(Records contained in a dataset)
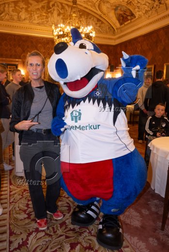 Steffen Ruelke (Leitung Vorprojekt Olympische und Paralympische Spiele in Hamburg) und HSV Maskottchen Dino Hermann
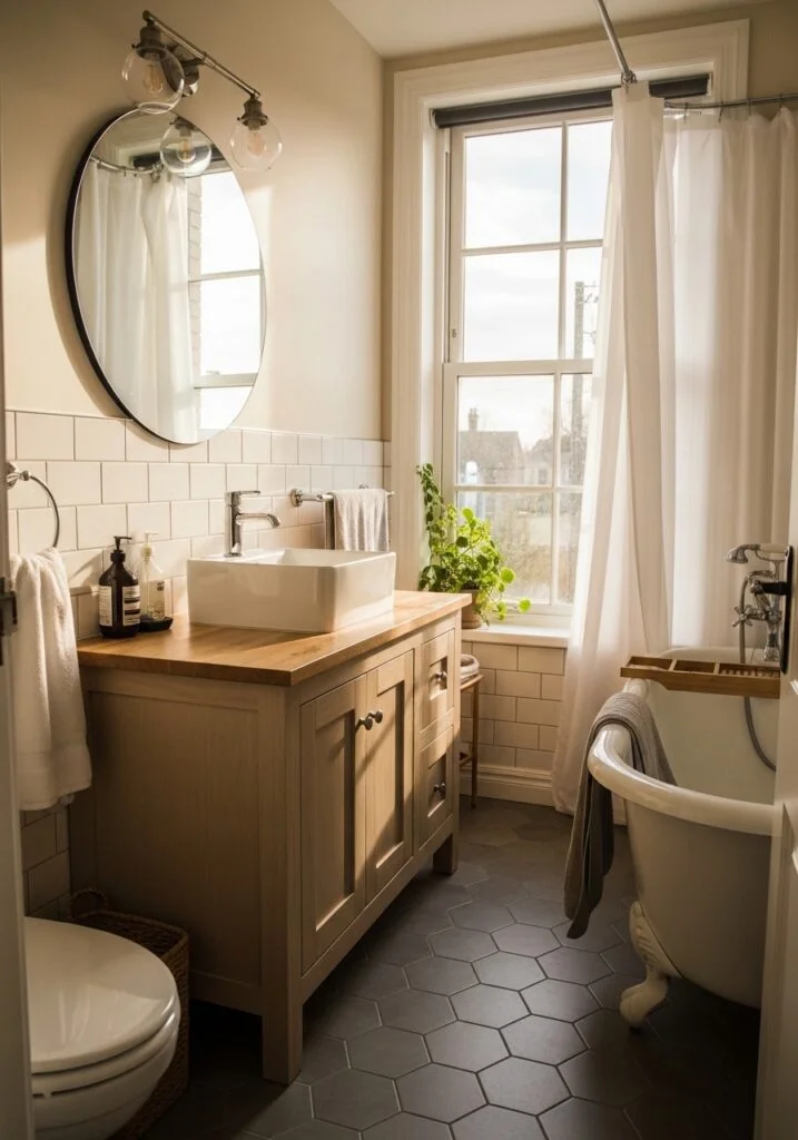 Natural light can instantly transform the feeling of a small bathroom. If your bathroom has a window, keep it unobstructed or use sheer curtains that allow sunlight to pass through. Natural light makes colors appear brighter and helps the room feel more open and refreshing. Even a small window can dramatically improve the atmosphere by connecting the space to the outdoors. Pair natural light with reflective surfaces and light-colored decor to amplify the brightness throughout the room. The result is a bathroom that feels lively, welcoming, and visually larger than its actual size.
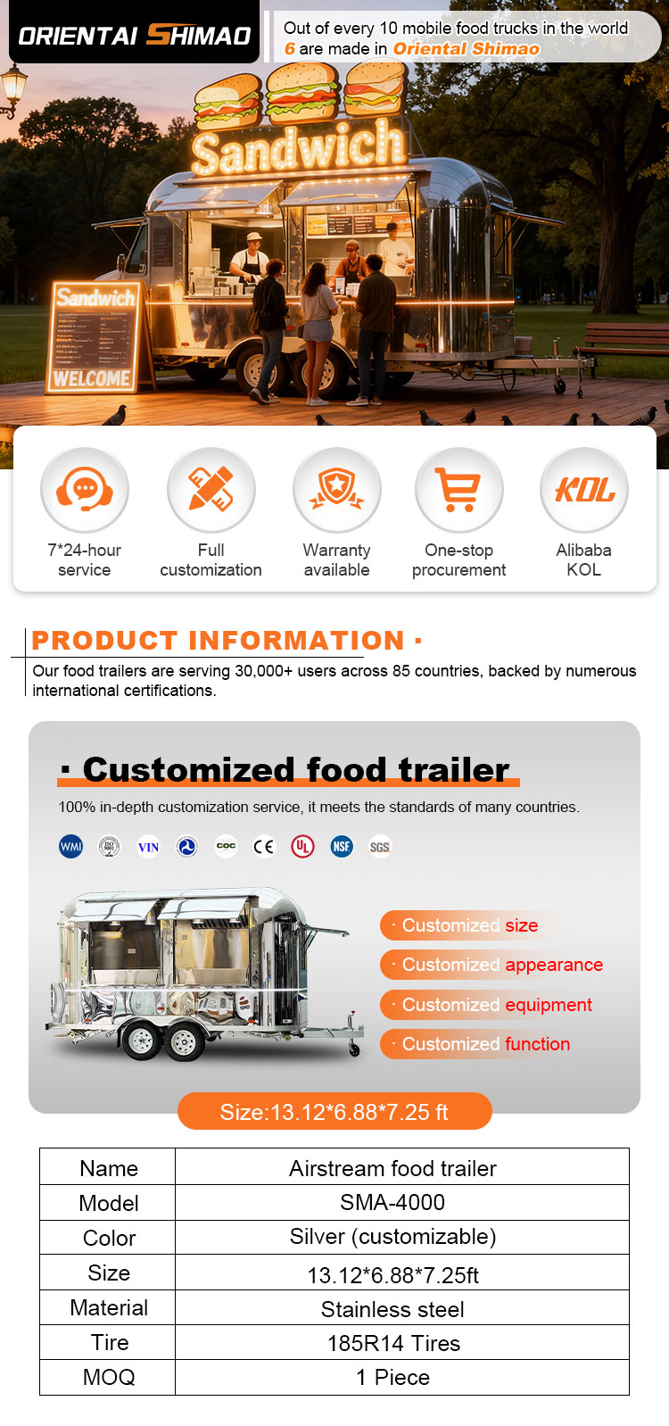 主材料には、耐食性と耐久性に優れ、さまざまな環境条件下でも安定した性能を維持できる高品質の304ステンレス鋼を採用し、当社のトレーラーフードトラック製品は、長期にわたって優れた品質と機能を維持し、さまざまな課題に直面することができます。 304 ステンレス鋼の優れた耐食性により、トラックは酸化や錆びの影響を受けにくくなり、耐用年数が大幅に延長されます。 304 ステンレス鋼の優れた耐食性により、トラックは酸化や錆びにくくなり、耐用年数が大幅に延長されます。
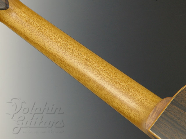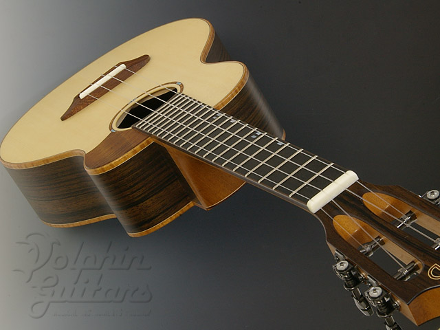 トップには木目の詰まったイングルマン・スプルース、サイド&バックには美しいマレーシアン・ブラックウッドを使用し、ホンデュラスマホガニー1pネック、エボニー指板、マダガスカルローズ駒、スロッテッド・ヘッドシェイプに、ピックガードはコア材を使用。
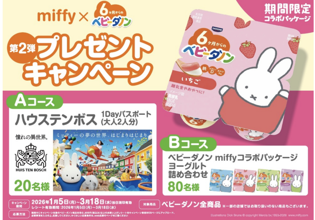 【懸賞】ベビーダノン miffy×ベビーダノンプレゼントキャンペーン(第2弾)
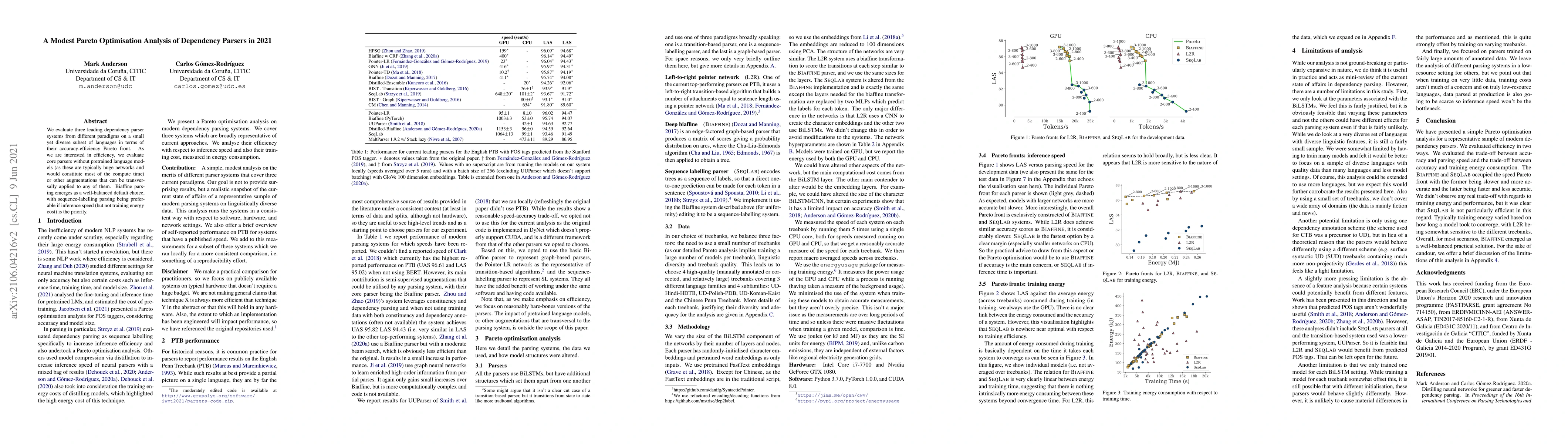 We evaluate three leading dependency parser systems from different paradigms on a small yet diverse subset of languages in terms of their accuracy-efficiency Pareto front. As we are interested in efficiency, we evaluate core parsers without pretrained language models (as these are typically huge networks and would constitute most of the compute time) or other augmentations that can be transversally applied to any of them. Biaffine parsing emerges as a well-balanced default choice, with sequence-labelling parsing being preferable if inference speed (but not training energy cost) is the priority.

● Prompt
The records above are to be transcribed exactly, with every picture left out.

● Solution for this task
 Steffen Ruelke (Leitung Vorprojekt Olympische und Paralympische Spiele in Hamburg) und HSV Maskottchen Dino Hermann
 Natural light can instantly transform the feeling of a small bathroom. If your bathroom has a window, keep it unobstructed or use sheer curtains that allow sunlight to pass through. Natural light makes colors appear brighter and helps the room feel more open and refreshing. Even a small window can dramatically improve the atmosphere by connecting the space to the outdoors. Pair natural light with reflective surfaces and light-colored decor to amplify the brightness throughout the room. The result is a bathroom that feels lively, welcoming, and visually larger than its actual size.
 主材料には、耐食性と耐久性に優れ、さまざまな環境条件下でも安定した性能を維持できる高品質の304ステンレス鋼を採用し、当社のトレーラーフードトラック製品は、長期にわたって優れた品質と機能を維持し、さまざまな課題に直面することができます。 304 ステンレス鋼の優れた耐食性により、トラックは酸化や錆びの影響を受けにくくなり、耐用年数が大幅に延長されます。 304 ステンレス鋼の優れた耐食性により、トラックは酸化や錆びにくくなり、耐用年数が大幅に延長されます。
 トップには木目の詰まったイングルマン・スプルース、サイド&バックには美しいマレーシアン・ブラックウッドを使用し、ホンデュラスマホガニー1pネック、エボニー指板、マダガスカルローズ駒、スロッテッド・ヘッドシェイプに、ピックガードはコア材を使用。
 【懸賞】ベビーダノン miffy×ベビーダノンプレゼントキャンペーン(第2弾)
 We evaluate three leading dependency parser systems from different paradigms on a small yet diverse subset of languages in terms of their accuracy-efficiency Pareto front. As we are interested in efficiency, we evaluate core parsers without pretrained language models (as these are typically huge networks and would constitute most of the compute time) or other augmentations that can be transversally applied to any of them. Biaffine parsing emerges as a well-balanced default choice, with sequence-labelling parsing being preferable if inference speed (but not training energy cost) is the priority.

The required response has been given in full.